Saat mereka sudah menghilang dari pandanganku. Aku memutar tubuhku kebelakang dan mengulurkan tangan untuk menawarkan bantuan kearah gadis itu.
Sambil memegang pipinya, ia meraih tanganku dan bangkit.
"Terima ka...sih", ucapnya terputus saat ia melihatku.
Ia tampak terkejut karena melebarkan matanya.
Dan menurutku itu sangat menggemaskan.
"Kau tak apa?", tanyaku dengan bodohnya.
Dia menggeleng, "Apa ada orang yang telah ditampar baik-baik saja?", ia membalasku dengan membalik pertanyaan.
Aku menggaruk tengkukku. "Maaf",
Gadis itu tersenyum kearahku. "Tak apa", ujarnya, "Thanks by the way...", tambahnya.
Manis... Senyumannya sangat manis. Batinku.
"Urwell", jawabku tergagap.
Ada apa denganku??? Batinku lagi.
"Kalau begitu aku duluan. Sekali lagi terima kasih", ujarnya berpamitan dan berlalu meninggalkanku.
Aku mengerjapkan mataku beberapa kali. Bodohnya! Kenapa tidak membantunya pergi ke Health Service Center?
"Hei!", panggilku pada gadis itu sambil berlari kearahnya.
Ia membalokan tubuhnya dan menatapku bingung. "Ya?",
"Kau harus ke HSC untuk mengompres pipimu. Ayo aku antar", ujarku sambil melihat kearah pipinya yang masih merah.
Ia terkekeh, "Terima kasih untuk perhatian dan tawaranmu. Aku memang mau kesana. Dan aku bisa sendiri", jawabnya ramah.
"Ah aku pikir kau akan langsung pulang",
Sial! Aku menjadi salah tingkah!
Dan dia menolakku.
Ia menggeleng, "Aku duluan. Terima kasih lagi", ujarnya.
Aku mengangguk dan mundur selangkah memberinya jalan.

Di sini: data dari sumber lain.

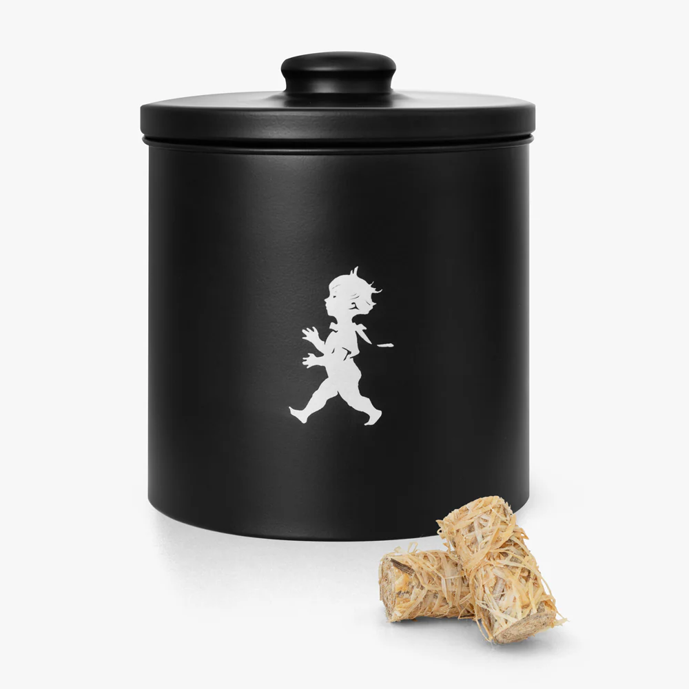 Stilren svart förvaringsburk från Solstickan. Perfekt vid spisen för tändull, stickor m.m. Silveremblem med klassiska Solstickepojken.
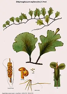 The genus Didymoglossum was first described by Nicaise Auguste Desvaux in 1827.[1] Its status, like other genera in the subfamily Trichomanoideae, remains disputed. The Pteridophyte Phylogeny Group classification of 2016 (PPG I) accepts the genus, placing it in the subfamily Hymenophylloideae and saying that there are about 30 species.[3] As of October 2019, the Checklist of Ferns and Lycophytes of the World listed 55 species,[1] whereas Plants of the World Online sank the genus into Trichomanes.[4]
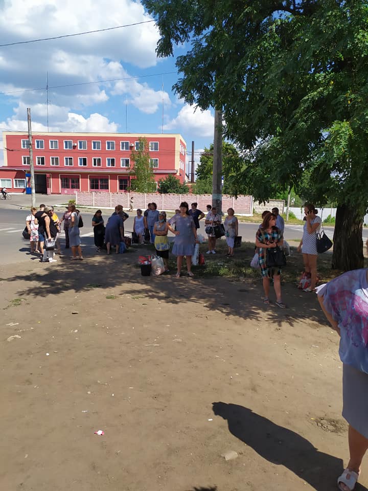 "Ось така черга на маршрут з Лисичанська на ГТВ о 12:30 дня. Стоять дітки, літні люди і чекають маршруток, які стоять порожніми на ГТВ", - пише автор поста.

Tapi, saat ia baru beberapa langkah menjauh. Aku tersadar kembali bahwa aku tidak tahu namanya.
"Hei! Siapa namamu?", seruku.
Ia berbalik dan melangkah mundur. Gadis itu tersenyum lagi, "Jadi... Nicholas Villa ingin tahu namaku?", teriaknya.
Aku mengerutkan keningku. Dia mengenalku?
"Kau tahu namaku?", teriakku.
Dia mengangguk, "Ya, saat orientasi aku diberitahu bahwa kau adalah ketua Students Council disini",
Aku tertawa menertawakan diriku. Kenapa aku jadi sangat bodoh! Pasti orang-orang mengenalku tanpa aku memberitahu mereka.
"Siapa namamu?", tanyaku sambil berteriak.
Ia berhenti melangkah mundur dan lagi-lagi tersenyum.
"Sapphira Anastasia", teriaknya. Lalu ia berbelok pada ujung koridor dan menghilang.
Sapphira Anastasia?
Aku mendengus geli sambil menggeleng dan terkekeh.
Jadi dia gadis yang diantarkan oleh Calvin tadi pagi.